→ **Problem requirements**
Within the listing below, please copy exactly the lines between the line holding "其实许魏洲成为代言人现在回想" and the line holding "When you have", inclusive.

→ **Data extract**
++++++++++

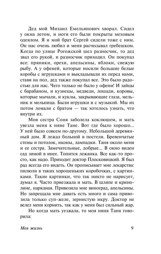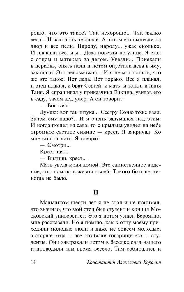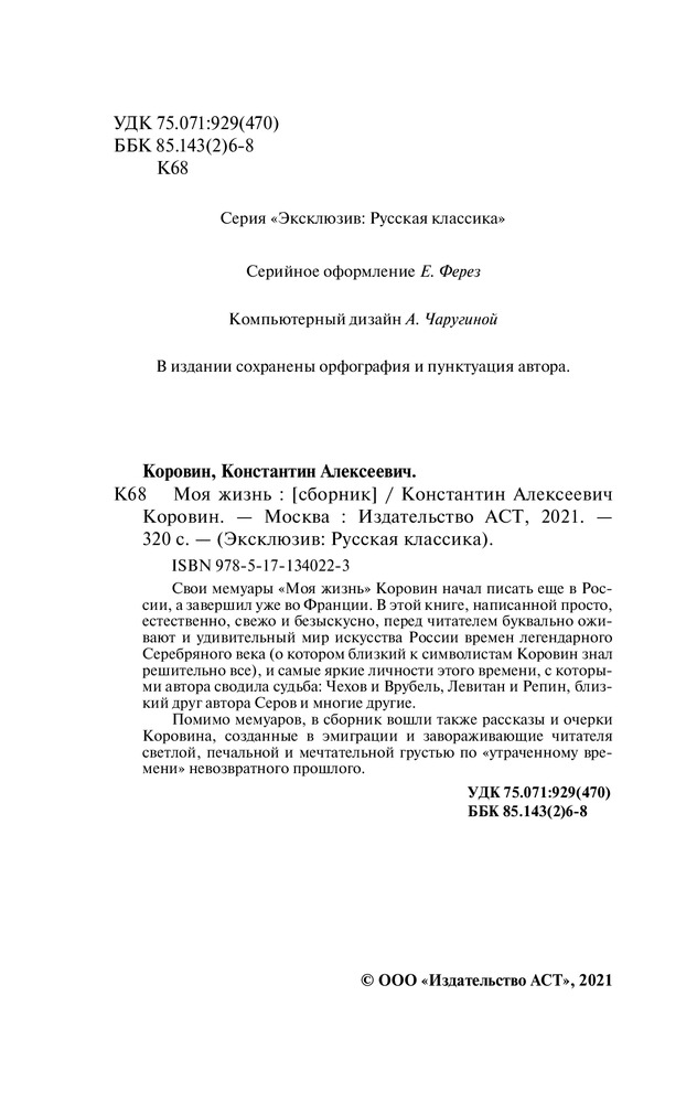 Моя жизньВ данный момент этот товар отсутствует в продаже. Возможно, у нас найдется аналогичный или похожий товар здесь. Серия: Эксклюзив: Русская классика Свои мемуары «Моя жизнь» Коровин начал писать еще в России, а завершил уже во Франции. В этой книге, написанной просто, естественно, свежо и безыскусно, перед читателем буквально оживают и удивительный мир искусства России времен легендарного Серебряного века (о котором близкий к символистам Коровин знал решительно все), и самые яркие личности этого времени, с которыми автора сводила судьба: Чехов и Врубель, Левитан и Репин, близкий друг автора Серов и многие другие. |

++++++++++

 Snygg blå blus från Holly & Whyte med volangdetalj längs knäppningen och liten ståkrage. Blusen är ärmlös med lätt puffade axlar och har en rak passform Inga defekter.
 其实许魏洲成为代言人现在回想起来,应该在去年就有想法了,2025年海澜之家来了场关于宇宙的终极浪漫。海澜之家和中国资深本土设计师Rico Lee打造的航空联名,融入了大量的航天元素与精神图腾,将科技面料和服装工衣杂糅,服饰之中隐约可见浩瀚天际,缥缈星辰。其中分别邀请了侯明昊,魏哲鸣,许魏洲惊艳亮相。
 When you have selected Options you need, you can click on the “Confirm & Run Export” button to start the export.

++++++++++

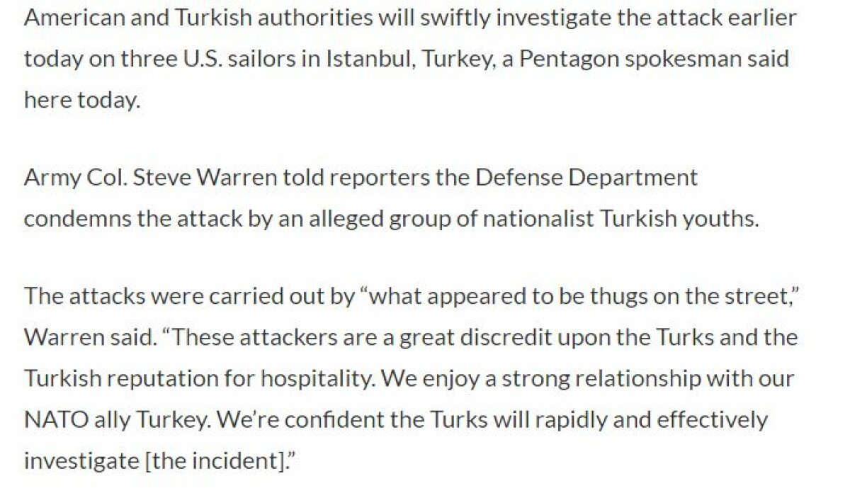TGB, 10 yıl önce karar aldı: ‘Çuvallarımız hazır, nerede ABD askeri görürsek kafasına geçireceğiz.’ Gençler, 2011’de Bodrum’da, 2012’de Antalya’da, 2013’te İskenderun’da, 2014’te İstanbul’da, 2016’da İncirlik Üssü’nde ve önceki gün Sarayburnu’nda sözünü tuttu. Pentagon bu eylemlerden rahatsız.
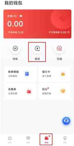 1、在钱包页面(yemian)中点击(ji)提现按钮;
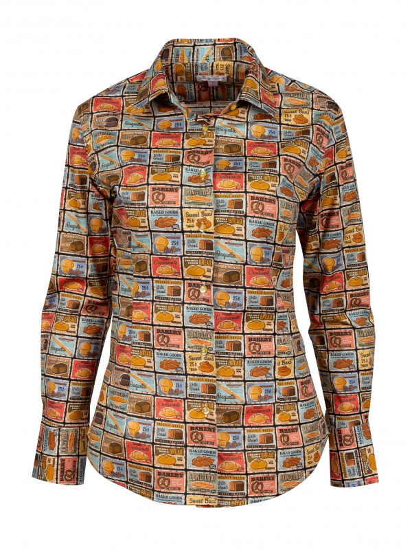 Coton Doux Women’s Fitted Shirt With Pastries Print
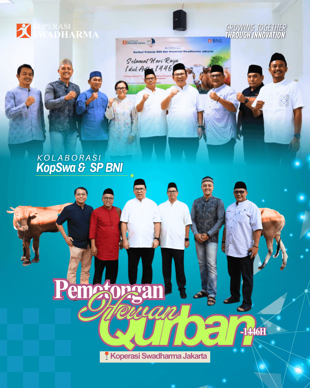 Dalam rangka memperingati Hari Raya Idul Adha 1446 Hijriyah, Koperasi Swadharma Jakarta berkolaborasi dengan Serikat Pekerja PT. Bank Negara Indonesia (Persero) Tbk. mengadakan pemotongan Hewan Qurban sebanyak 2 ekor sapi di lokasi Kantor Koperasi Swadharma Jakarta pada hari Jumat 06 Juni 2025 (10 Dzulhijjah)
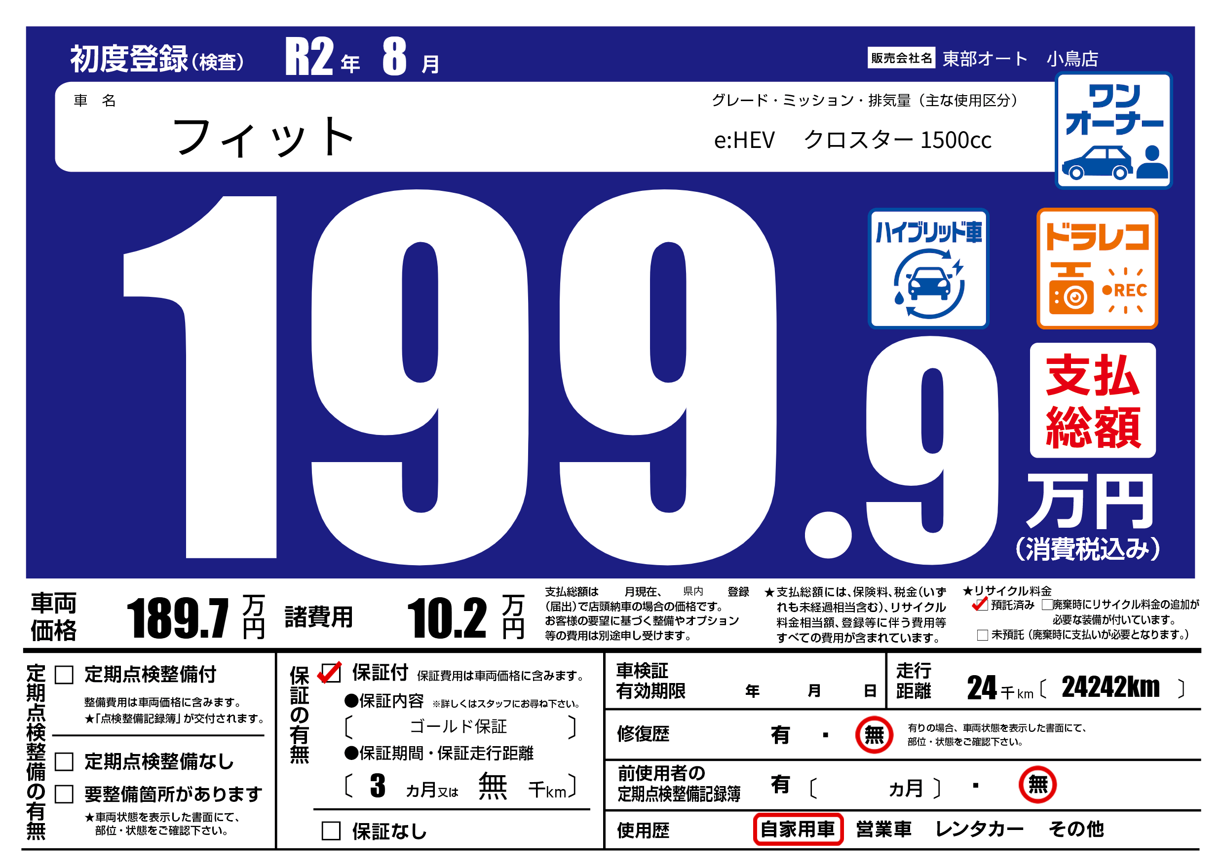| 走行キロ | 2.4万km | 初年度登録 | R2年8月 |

++++++++++

→ **Reply**
 其实许魏洲成为代言人现在回想起来,应该在去年就有想法了,2025年海澜之家来了场关于宇宙的终极浪漫。海澜之家和中国资深本土设计师Rico Lee打造的航空联名,融入了大量的航天元素与精神图腾,将科技面料和服装工衣杂糅,服饰之中隐约可见浩瀚天际,缥缈星辰。其中分别邀请了侯明昊,魏哲鸣,许魏洲惊艳亮相。
 When you have selected Options you need, you can click on the “Confirm & Run Export” button to start the export.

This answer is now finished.